Classifications

• • C—CHEMISTRY; METALLURGY
  • C08—ORGANIC MACROMOLECULAR COMPOUNDS; THEIR PREPARATION OR CHEMICAL WORKING-UP; COMPOSITIONS BASED THEREON
  • C08G—MACROMOLECULAR COMPOUNDS OBTAINED OTHERWISE THAN BY REACTIONS ONLY INVOLVING UNSATURATED CARBON-TO-CARBON BONDS
  • C08G73/00—Macromolecular compounds obtained by reactions forming a linkage containing nitrogen with or without oxygen or carbon in the main chain of the macromolecule, not provided for in groups C08G12/00 - C08G71/00
  • C08G73/06—Polycondensates having nitrogen-containing heterocyclic rings in the main chain of the macromolecule
  • C08G73/10—Polyimides; Polyester-imides; Polyamide-imides; Polyamide acids or similar polyimide precursors
  • C08G73/14—Polyamide-imides
• • C—CHEMISTRY; METALLURGY
  • C08—ORGANIC MACROMOLECULAR COMPOUNDS; THEIR PREPARATION OR CHEMICAL WORKING-UP; COMPOSITIONS BASED THEREON
  • C08J—WORKING-UP; GENERAL PROCESSES OF COMPOUNDING; AFTER-TREATMENT NOT COVERED BY SUBCLASSES C08B, C08C, C08F, C08G or C08H
  • C08J5/00—Manufacture of articles or shaped materials containing macromolecular substances
  • C08J5/18—Manufacture of films or sheets
• • C—CHEMISTRY; METALLURGY
  • C08—ORGANIC MACROMOLECULAR COMPOUNDS; THEIR PREPARATION OR CHEMICAL WORKING-UP; COMPOSITIONS BASED THEREON
  • C08L—COMPOSITIONS OF MACROMOLECULAR COMPOUNDS
  • C08L79/00—Compositions of macromolecular compounds obtained by reactions forming in the main chain of the macromolecule a linkage containing nitrogen with or without oxygen or carbon only, not provided for in groups C08L61/00 - C08L77/00
  • C08L79/04—Polycondensates having nitrogen-containing heterocyclic rings in the main chain; Polyhydrazides; Polyamide acids or similar polyimide precursors
  • C08L79/08—Polyimides; Polyester-imides; Polyamide-imides; Polyamide acids or similar polyimide precursors

Definitions

• the present invention relates to a polyamideimide resin film.
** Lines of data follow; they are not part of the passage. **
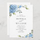 Convites Hydrangea Floral, Azul Elegante, Todos Em Um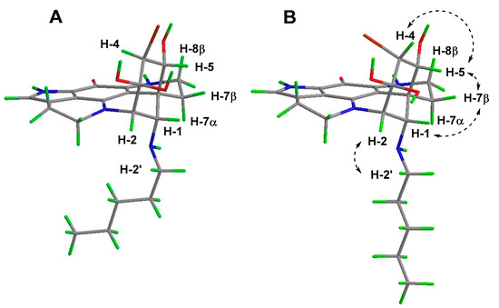 With respect to the relative stereochemistry of the product, it should be noted that the geometry resulting from ring closure between N-18 and C-2 of the discorhabdin scaffold automatically defines positions C-2 and C-6 as being 2S*,6R* (Figure 5A,B). The configuration at positions 1 and 5 were defined by the observation of NOESY correlations between each of H-1 (δH 4.28) and H-5 (δH 4.15) and the more downfield [16,19] of the diastereotopic methylene H2-7 protons [H-7β (δH 2.53)], and from H-5 to one of the diastereotopic H2-8 protons (H-8β, δH 3.62) giving configurations of 1S* and 5R*. Additional support for the syn-relationship between these three protons came from examination of the relative intensities of HMBC correlations observed in an experiment optimised for xJCH 8.33 Hz. Of the two diastereotopic H2-7 methylene protons, δH 2.53 and 1.74, only the former exhibited a three-bond correlation to C-20, supporting an antiperiplanar relationship between H-7β δH 2.53 and C-20 [19]. The H-1 resonance (δH 4.28) also exhibited a strong HMBC correlation to C-20, supporting their antiperiplanar relationship. Assigning the final stereogenic centre (C-4) made use of a combination of molecular modelling, J analysis and NOESY data. Conformer searching using PCModel (v 10, Serena Software) identified the dominant (chair) conformers of the two diastereomers 1S*,2S*,4S*,5R*,6R*-6 (Figure 5A) and 1S*,2S*,4R*,5R*,6R*-6 (Figure 5B). The observation of a small magnitude JH-4/H-5 coupling constant (JHH = 3.4 Hz) and a NOESY correlation between the two protons was supported by model B, establishing a relative configuration of 4R*.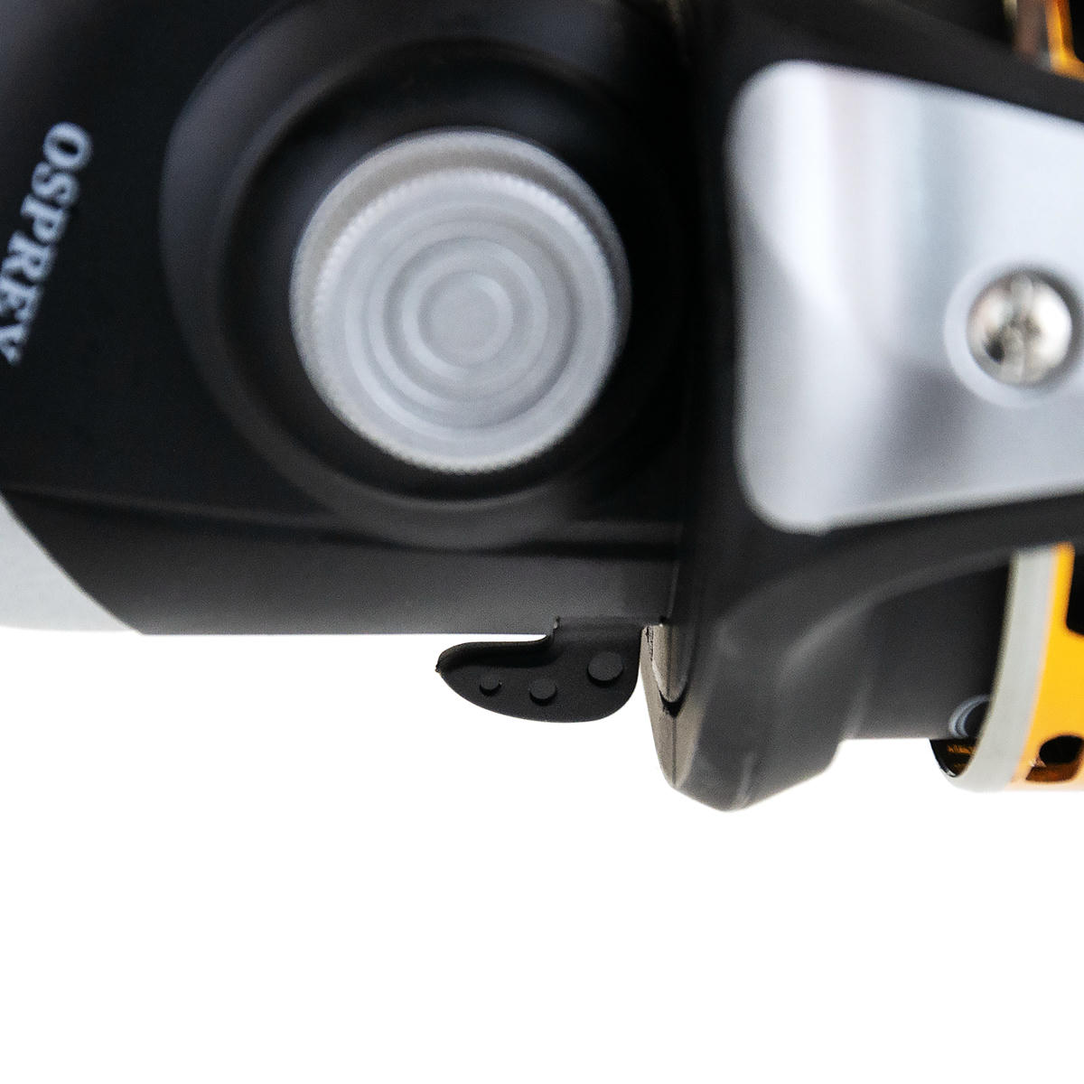 Безынерционная катушка Osprey GT имеет передний фрикцион. Минималистичный дизайн и качественные материалы, возможность установить ручку под правую или левую руку. Основная шпуля изготовлена из алюминия, дополнительная шпуля - из пластика.
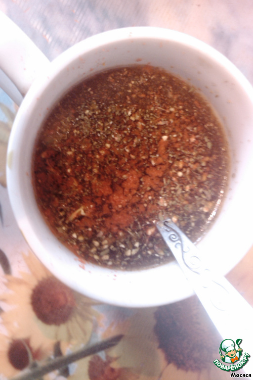 В терияки добавляем специи и размятый чеснок. Мне соус показался густоват, и я добавила воды.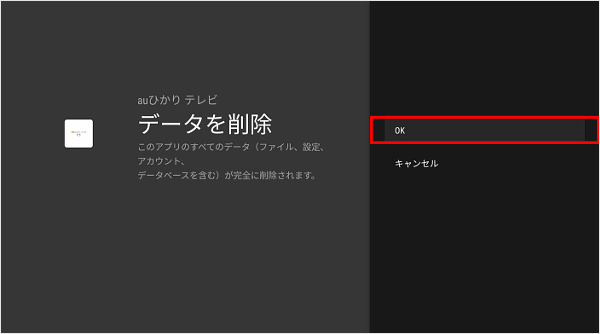 [OK]を選択し、リモコンの「決定」ボタンを押します。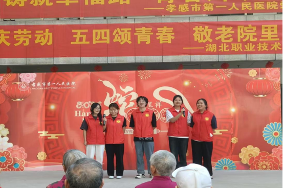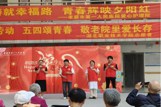 (本网讯 邓彬新 黄珑云)在“五一”劳动节和“五四”青年节来临之际,4月29日开云kaiyun登录入口天使志愿服务队组织志愿者前往孝感市第一人民医院爱心护理院,开展“五一庆劳动,五四颂青春,敬老院里爱长存”志愿服务活动。通过文艺表演、互动陪伴等形式,志愿者们为老人送去关怀,同时致敬护工群体的辛勤付出,展现了医学生的社会责任感和青年担当。

• Aromatic polyamide-imide resins are mostly polymers having an amorphous structure and exhibit excellent heat resistance, chemical resistance, electrical properties, and dimensional stability due to their rigid chain structure. Such polyamide-imide resins are widely used as materials for electric / electronic, space, aviation, and automobiles.
• the wholly aromatic polyamide-imide resin is mostly insoluble and infusible in spite of its excellent heat resistance, thereby deteriorating moldability and processability, which makes it difficult to use conventional processing equipment for processing the resin.
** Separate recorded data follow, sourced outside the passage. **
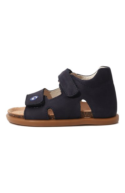 Для создания сандалий с рельефной резиновой подошвой использовали матовую кожу. Формованную стельку отделали замшей. Посадка обуви с петлей на заднике регулируется ремешком с серебристой пряжкой.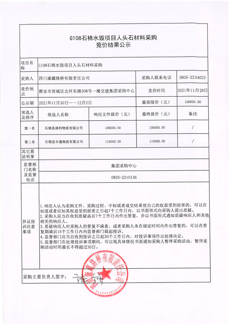 四川康藏路橋有限責任公司G108石棉水毀項目人頭石材料采購競價結果公示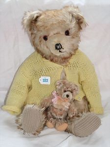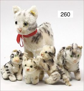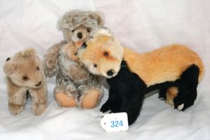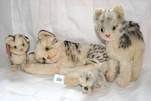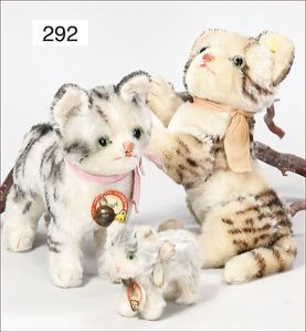 2 Plüschtiere, 1x Bär, Baumwollplüsch, mit Stimme, Hersteller ?, 42 cm, 1x Steiner Katze, Länge ca. 40 cm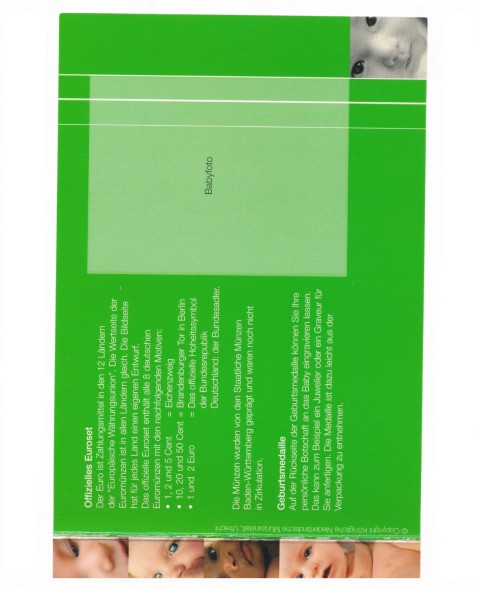 Inclusief Babypenning (Cupro-Nikkel) met de tekst: ‘Strampelnd vor Ungeduld bin ich heute auf die Welt gekommen!’

• the polyamide-imide resin when used as a flexible display material, it is required to have excellent optical properties in addition to thermal and mechanical properties, and it is difficult to satisfy these properties at the required level at the same time.
• the present invention is to provide a polyamideimide resin film having a colorless transparent and excellent mechanical properties and high elasticity and heat resistance.
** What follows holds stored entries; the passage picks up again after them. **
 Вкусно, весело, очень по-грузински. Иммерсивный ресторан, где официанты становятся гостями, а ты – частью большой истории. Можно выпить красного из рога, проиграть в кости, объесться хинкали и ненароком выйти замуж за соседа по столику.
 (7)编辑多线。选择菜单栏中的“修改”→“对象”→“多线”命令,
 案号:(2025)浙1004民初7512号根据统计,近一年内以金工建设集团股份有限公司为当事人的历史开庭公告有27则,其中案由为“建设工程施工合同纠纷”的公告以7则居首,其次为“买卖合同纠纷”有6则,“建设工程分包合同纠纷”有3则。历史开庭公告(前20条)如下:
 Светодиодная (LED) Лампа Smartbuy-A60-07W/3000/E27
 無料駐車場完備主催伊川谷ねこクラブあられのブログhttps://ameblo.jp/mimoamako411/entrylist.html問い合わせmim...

• the present invention is to provide a method for producing a polyamideimide resin film having colorless transparent and excellent mechanical properties and high elasticity and heat resistance.
• an imide block including the first repeating unit represented by Formula 1 below; And an amide block comprising any one selected from the group consisting of a second repeating unit represented by the following Formula 2 and a third repeating unit represented by the following Formula 3; and a polyamideimide block copolymer comprising the following:
• a polyamideimide resin film may be provided, wherein the molar ratio of 2 repeating units: third repeating unit is from 10:90 to 50:50 and has a yellow index of 3.80 or less.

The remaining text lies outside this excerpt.